L’esperienza del dolore mette in gioco la nostra fede.
L’uomo vive il rischio educativo del confrontarsi con la realtà e valutare così la sua fede che si pone quella domanda capitale, quel “perché proprio a me” che diventa un grido al cielo.
Quello stesso grido della croce: “Eloì Eloì, lemà sabactani”.
Voglio immagine per un attimo la presenza di Maria, lì sotto la croce, “stabat mater” che stava lì a vivere col Figlio il dramma dell’ingiusta morte e contemporaneamente quello che diceva sant’Agostino e preghiamo la notte di Pasqua :”Davvero era necessario il peccato di Adamo che è stato distrutto con la morte del Cristo. Felice colpa che meritò di avere un così grande redentore!”.
È quello che dicono i teologi: ”Il paradosso della gioia”.
Dio ci offre la certezza che non tutto si conclude.
Come dicevo prima,penso alla Madonna che stava lì. Nel vangelo non c’è il racconto di Lei che si mette ad urlare o a scagliarsi contro i soldati o coloro che insultavano il Figlio. Ma stava lì, in quel silenzio assordante che spesso abbiamo sperimentato nel momento del dolore più cupo e drammatico della vita.
Quel silenzio che parla più di mille discorsi.
In questo paradosso l’assenza di Dio è più presenza che mai.
Come mi diceva una persona: ”Dio ci fa cadere perché ci vuole assicurare che ci aiuterà a rialzarci”.
Non dobbiamo aver timore del silenzio.
La solitudine della Madonna, il silenzio del cuore, questa dolcezza e tenerezza della Mamma celeste non è l’unica cosa che ci resta, è l’amore che crea.
Come fa a creare amore il dramma del dolore?
“La paura mi fa indietreggiare; con l’amore non soltanto vado avanti, ma volo”.(Santa Teresa di Lisieux)
Questo crea il sacrificio dell’amore, il mirare in alto senza dimenticare l’ideale della fede che è l’incontro con Cristo.
Quando viene meno questo ideale la speranza è labile, sottile e sparisce.

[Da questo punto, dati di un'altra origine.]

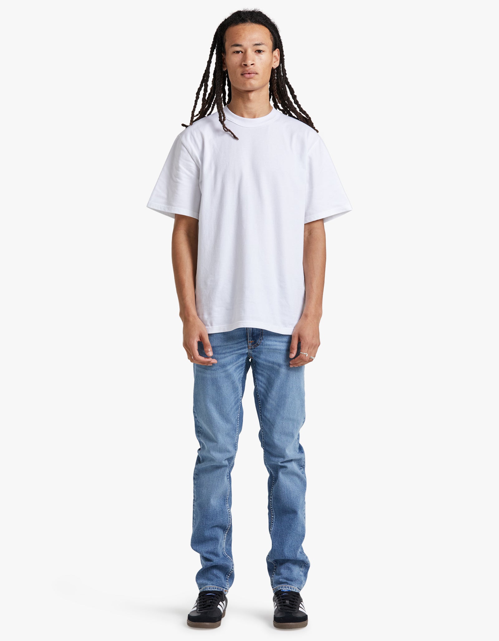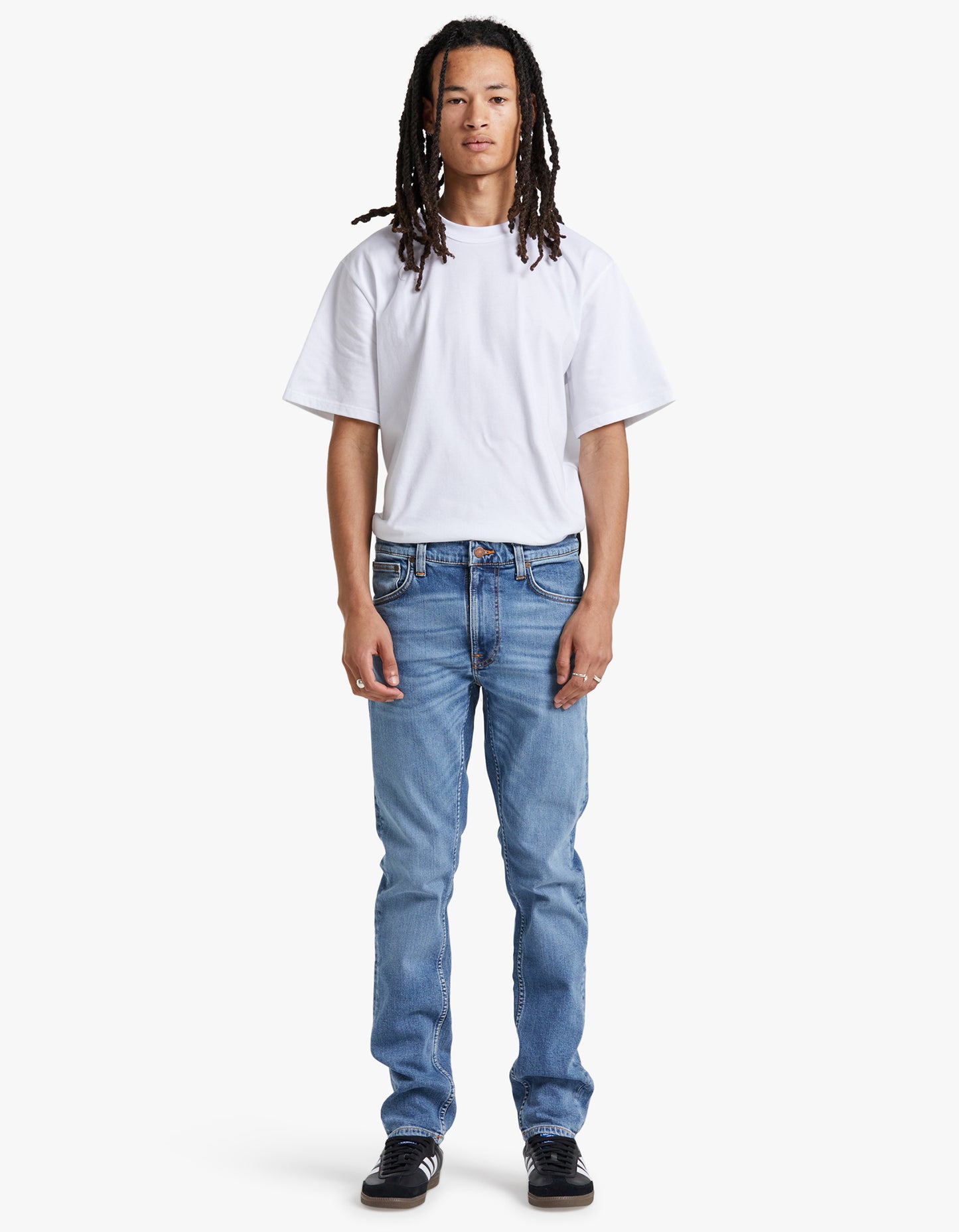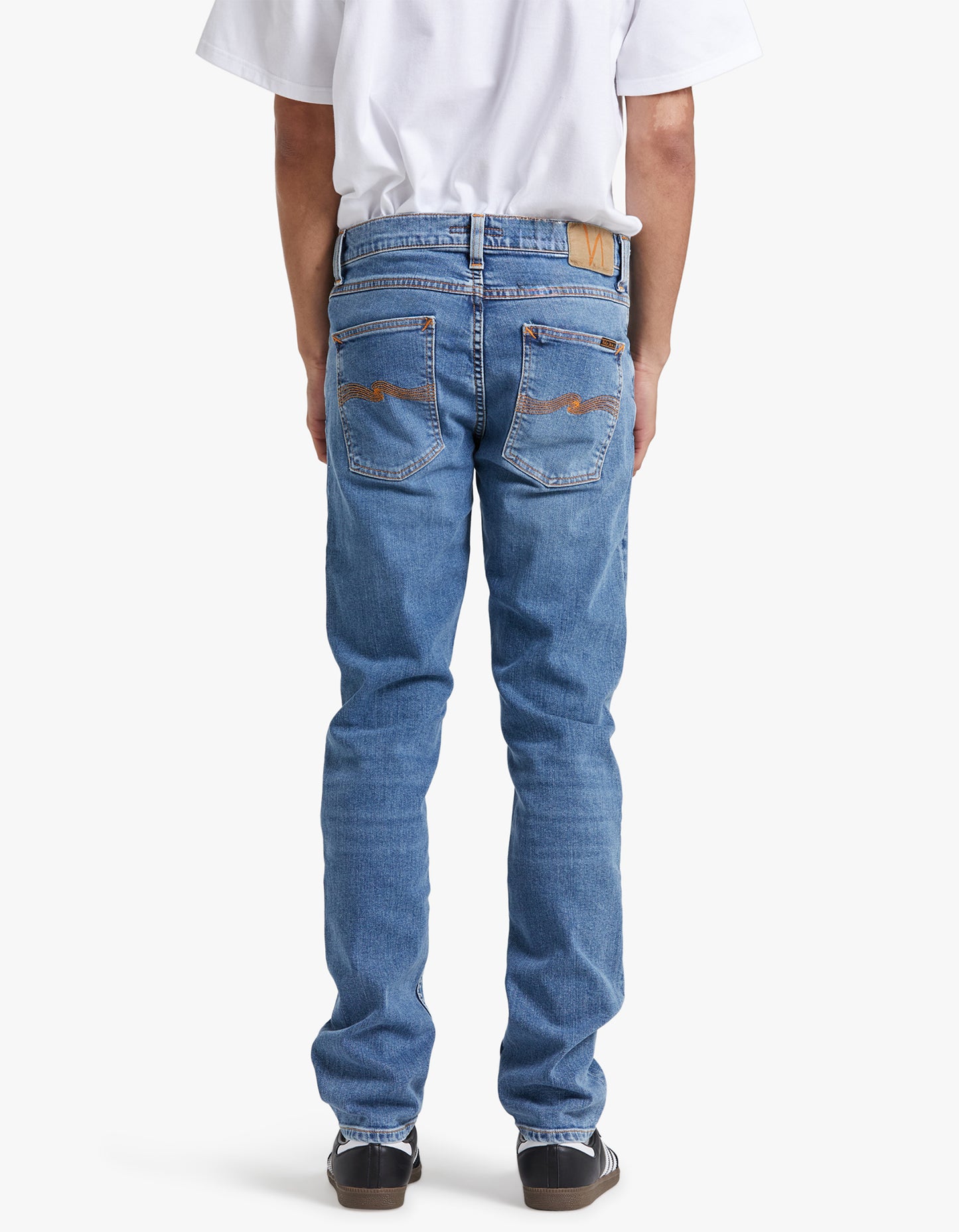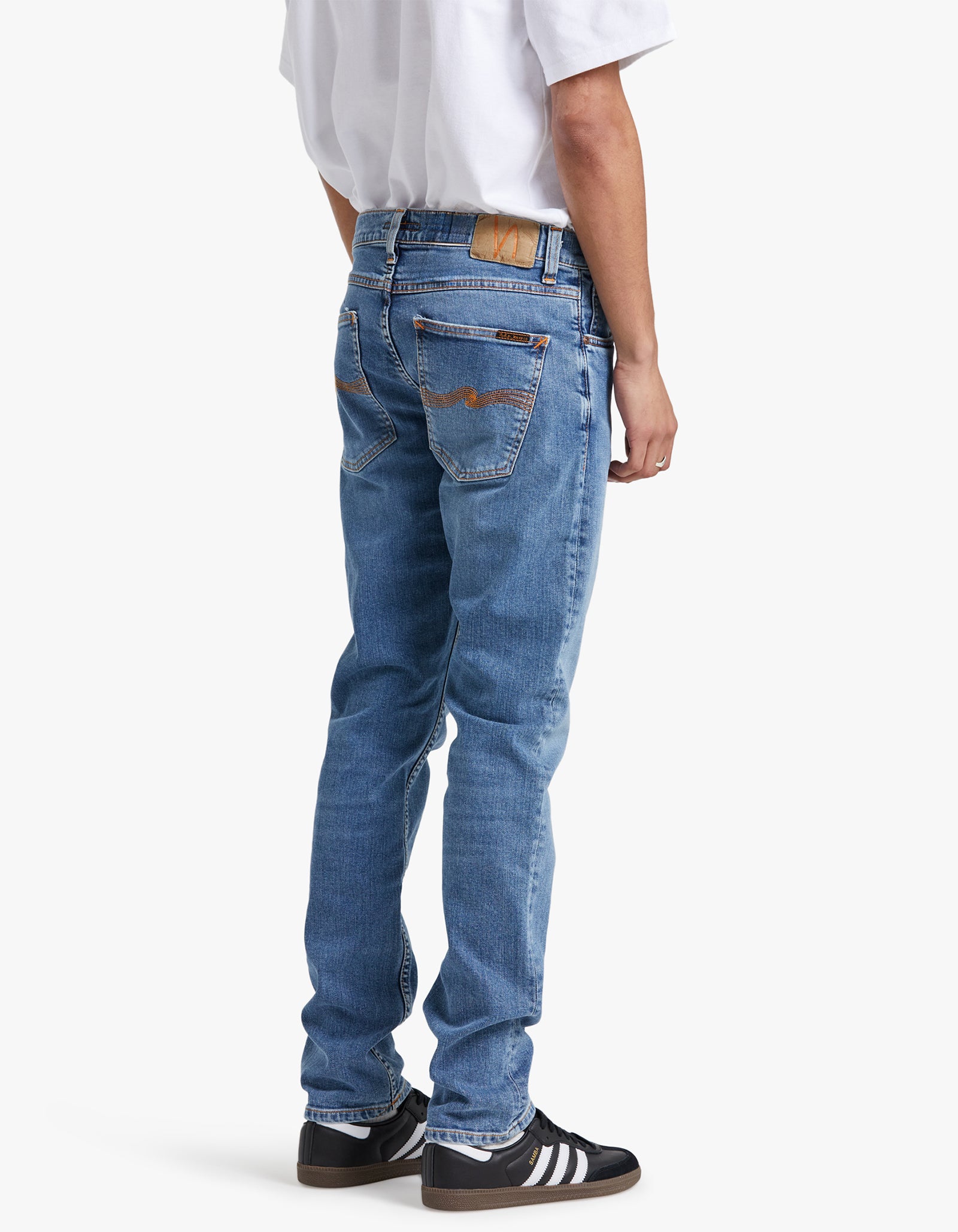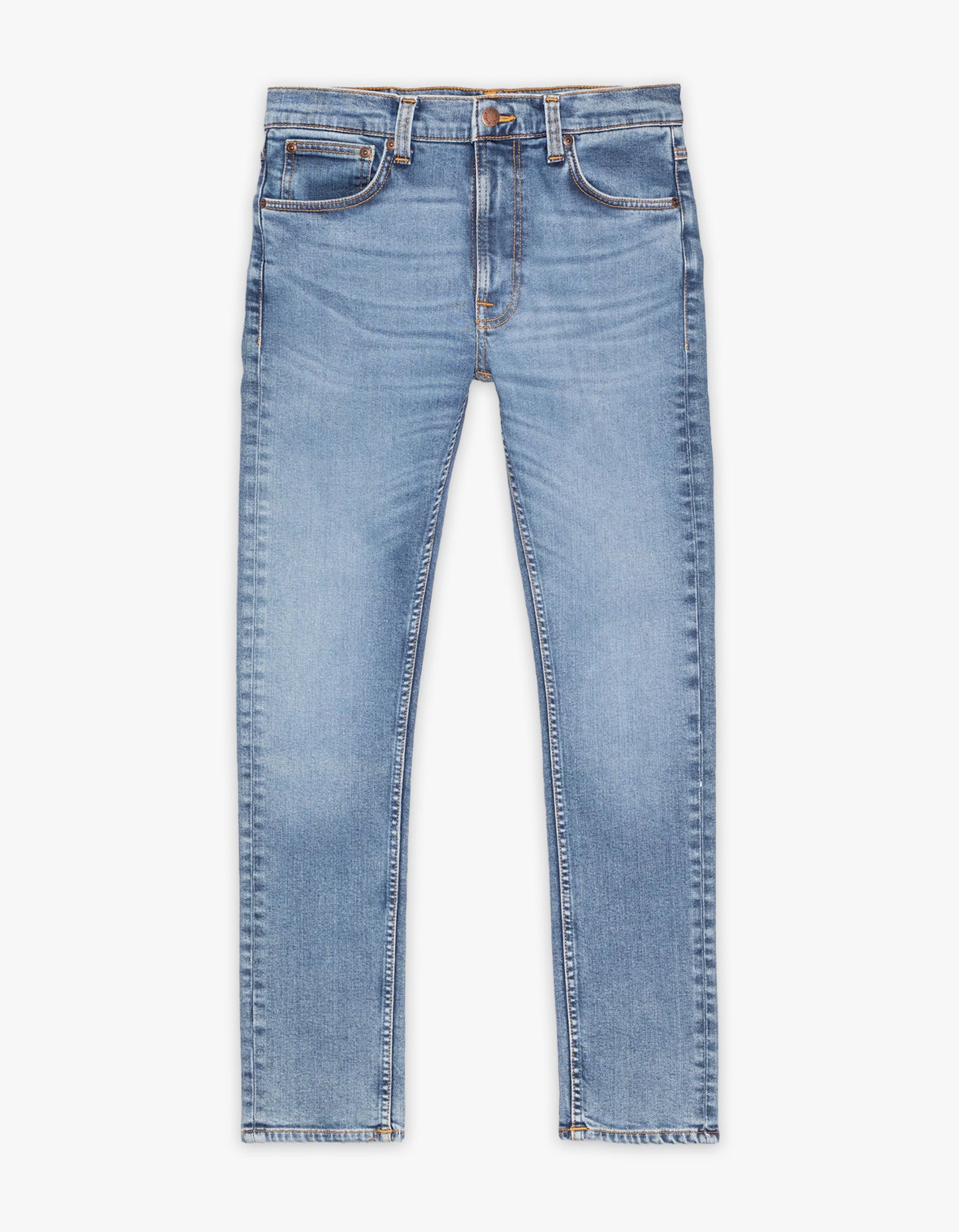 Discover the iconic Lean Dean cut from Nudie in the perfect blue jean shade: Lost Orange.
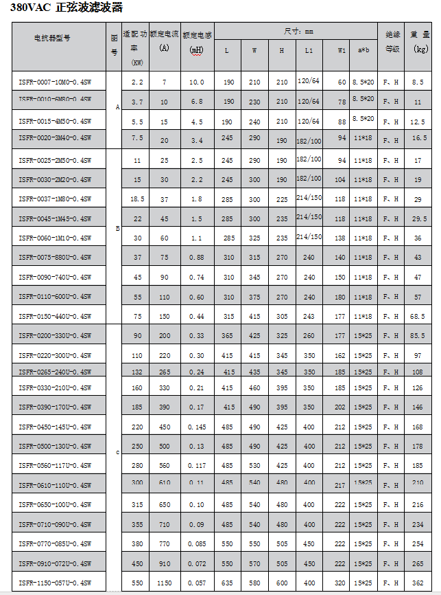 正弦波濾波器是在PWM變頻器驅動下,其開關頻率范圍在2-8kHz之間仍提供正弦波輸出電壓。在變頻器驅動應用中,這種濾波器可以消除電機絕緣失效問題并通過消除與變頻器輸出波形相關的高dv/dt來減少電磁干擾。改善電機的性能和壽命,延長變頻器輸出距離,最長可達3KM。為保護電線電纜,使用正弦波濾波器可防止長引線驅動電機的過電壓問題。在其他能源應用下,比如風力發(fā)電機,逆變器將電力通過升壓變壓器還原到實用的配電系統(tǒng),這種濾波器可以允許使用標準變壓器。滿載并在60Hz時給變壓器輸入的諧波電壓畸變是5%的話,那么滿載時給電機輸入的諧波電壓畸變一般就是5%。
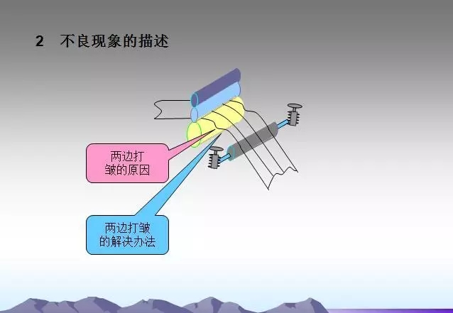 背輥及各過輥粘有異物或使用過多的水。需要經(jīng)常檢查,及時(shí)發(fā)現(xiàn)并清理,并注意不要損傷輥面。
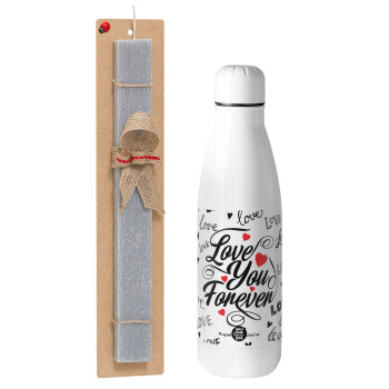 Love You Forever, Easter Set, metallic stainless thermos bottle (500ml) & scented flat Easter candle (30cm) (GRAY)
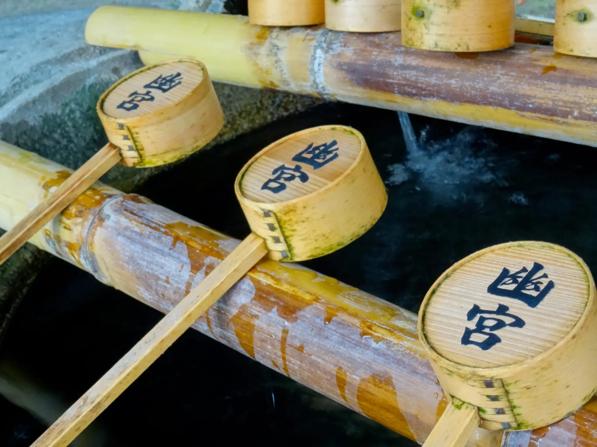 Amaterasu, the female goddess of the sun, was born from cleaning his right eye, Tsukuyomi, the genderless moon deity, was born from his left eye and Susanoo, the male god of sea and storms, was born from cleaning his nose. This gave birth to the tradition of performing misogi at the entrance of a shrine, to cleanse oneself before entering a holy space.
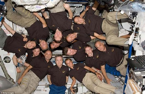 如果你嫌地球上人太多,太嘈雜,想去太空找清凈,那你一定會失望的。太空中同樣“人滿為患”,特別是在此次“奮進”號與國際空間站對接的11天中,13位宇航員幾乎要將狹小的空間站擠爆了。正常情況下,國際空間站內(nèi)的人數(shù)應(yīng)該是6名。一下子多了一倍還多的人,圍著一張“巴掌大”的小桌子,連吃飯都坐不下。這時,常為宇航員帶來不便的失重狀態(tài),罕見地幫了一回大忙——日本宇航員若田光一漂浮在桌子上方,有效地利用了每一寸空間。當大家開吃時,簡直可以用一片狼藉來形容,看看宇航員從空間站拍回的照片吧,估計沒有哪位母親能容忍家里的桌子這么亂。
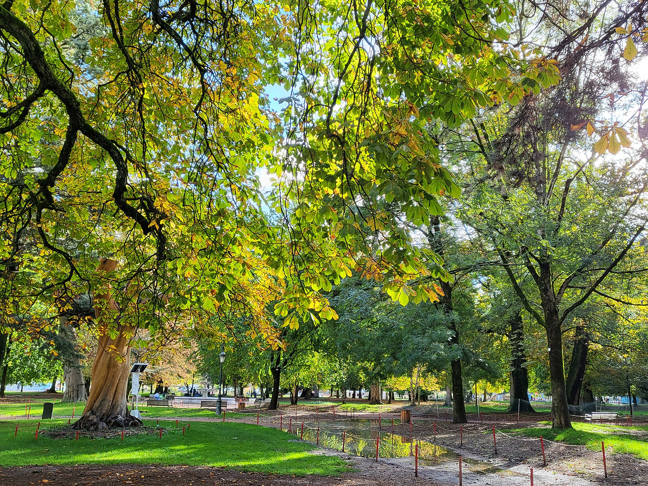 물웅덩이에 비친 나뭇잎이 햇빛을 받아 반짝이고 장성한 딸의 사진을 찍어주는 엄마, 무등을 태우고 지나가는 젊은 아빠, 그저 모두 편안해 보입니다.
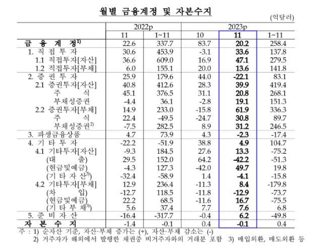 금융계정 순자산(자산-부채)은 11월 중 20억2천만달러 불었다. 직접투자의 경우 내국인의 해외투자가 2차전지 업종을 중심으로 47억1천만달러 증가했고, 외국인의 국내 투자도 13억6천만달러 늘었다.
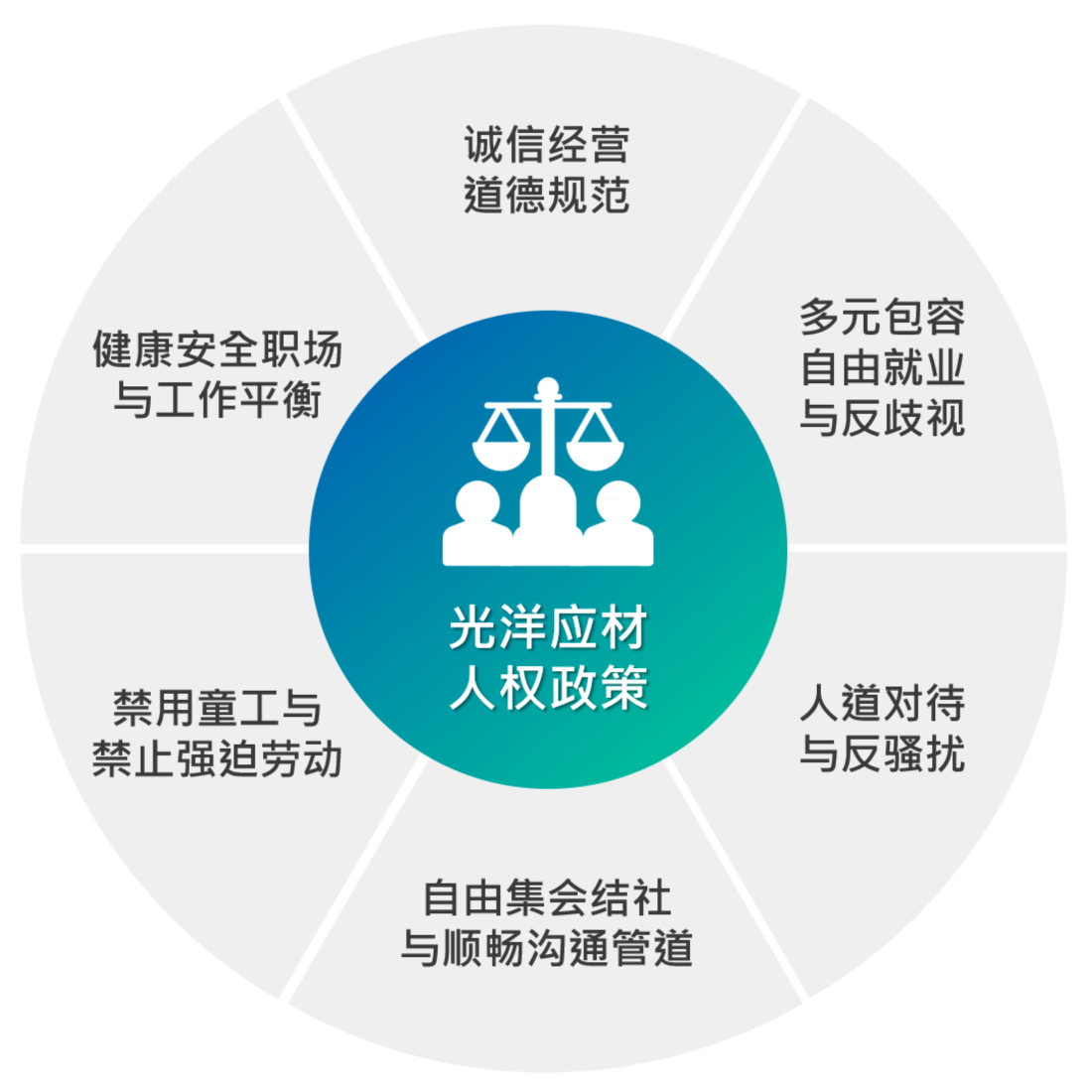 捷报比分应材认为所有同仁都应受到尊严对待,故捷报比分应材投入人力,确保各式劳工规章与劳工管理皆符合人权正义原则,同时遵守落实各式法律法规,禁止使用童工和强迫劳工,不奴役或贩卖劳工,尊重员工的结社自由和集体谈判权,无任何形式的歧视事件,亦落实人性化待遇,合理安排员工的工作与休息时间、提供合理的工资福利,并持续改进员工的福利及权益,连结法规变动与外部资讯,定期检示是否依法依规管理。
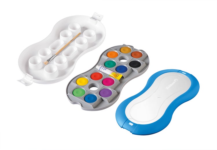 12 Qualitätsfarben für brillantes Malen. Trendiges Design mit 10 extra großen Mischfeldern. Leicht zu reinigende Mischpalette. Leicht auswechselbare Farbschälchen. Farbpalette platzsparend im Deckel einsetzbar. Stabiles Material - ideal für Kinder. Made in Germany.
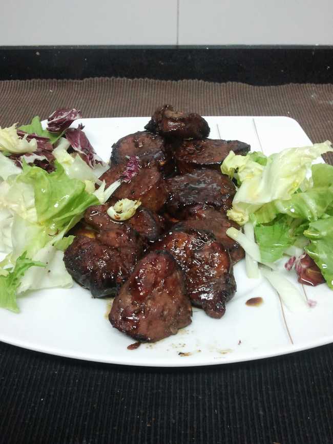 Luego haces otro mejunje con vinagre de manzana, miel, sal y pimienta y untas los medallones, los metes al horno a 180ºC y cada 5min. los vas dando la vuelta y volviendo a untar hasta que veas que estan listos.
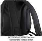 • Large zippered compartment with laptop sleeve & organizer pockets (holds up to 15” laptop)
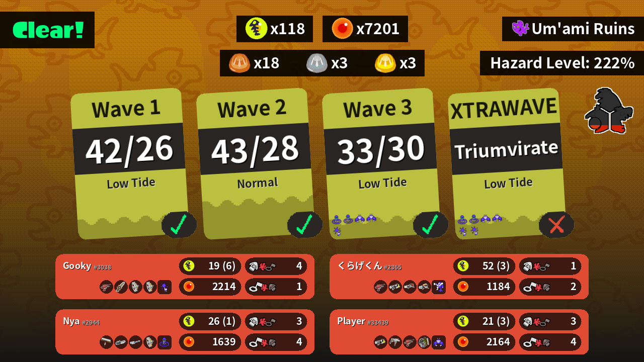 | Weapons | Dualie Squelchers Grizzco Splatana Grizzco Stringer Grizzco Stringer | Dualie Squelchers Splattershot Nova Range Blaster Grizzco Blaster | Carbon Roller Ballpoint Splatling E-liter 4K Grizzco Stringer | Splattershot Nova Grizzco Roller Dualie Squelchers Grizzco Slosher |
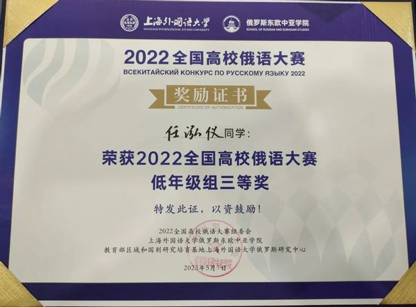 2023年5月5日-7日,2022全国高校俄语大赛复赛和决赛环节在上海外国语大学松江校区举行。经过两天的激烈角逐,我院俄语系参赛选手、2021级本科生任泓仪同学,在班婕老师的指导下,以低年级组总成绩第13名的好成绩,荣获2022全国高校俄语大赛三等奖。

Alla festa dei santi Medici della prossima settimana riprenderemo questo pensiero e quello che ci ha insegnato il nostro Papa e che riporto stasera: ”La parola del Signore risorto e vivo ci indica la strada per raggiungere la vera beatitudine, la strada che conduce al Cielo. È un cammino difficile da comprendere perché va controcorrente, ma il Signore ci dice che chi va per questa strada è felice, prima o poi diventa felice”.
L’amore al Paradiso fa sì che il sacrifico della croce diventi ponte per la salvezza.
Che senso avrebbe amare una persona, se fosse solo per quel momento, per quella risposta immediata che è risposta ad un mio momento di affettività?
Io amo l’altro per ciò che mi porta ad arrivare ad un Altro.
Questo è lo sguardo della Madonna ai piedi della croce.
“Quando versiamo le nostre lacrime che sono «il sangue delle nostre anime», esse cadono sul cuore della Vergine e da lì su tutti i cuori viventi”, (Léon Bloy)
Rivolgiamo il cuore a Maria, rivolgiamo a Lei la nostra debolezza. Ricerchiamo in Lei quella mamma che è compagnia del viaggio della nostra vita.
E’ tutto così. Quel silenzio sotto la croce diventa la tenerezza che ci consola nel pianto del dramma del nostro cuore.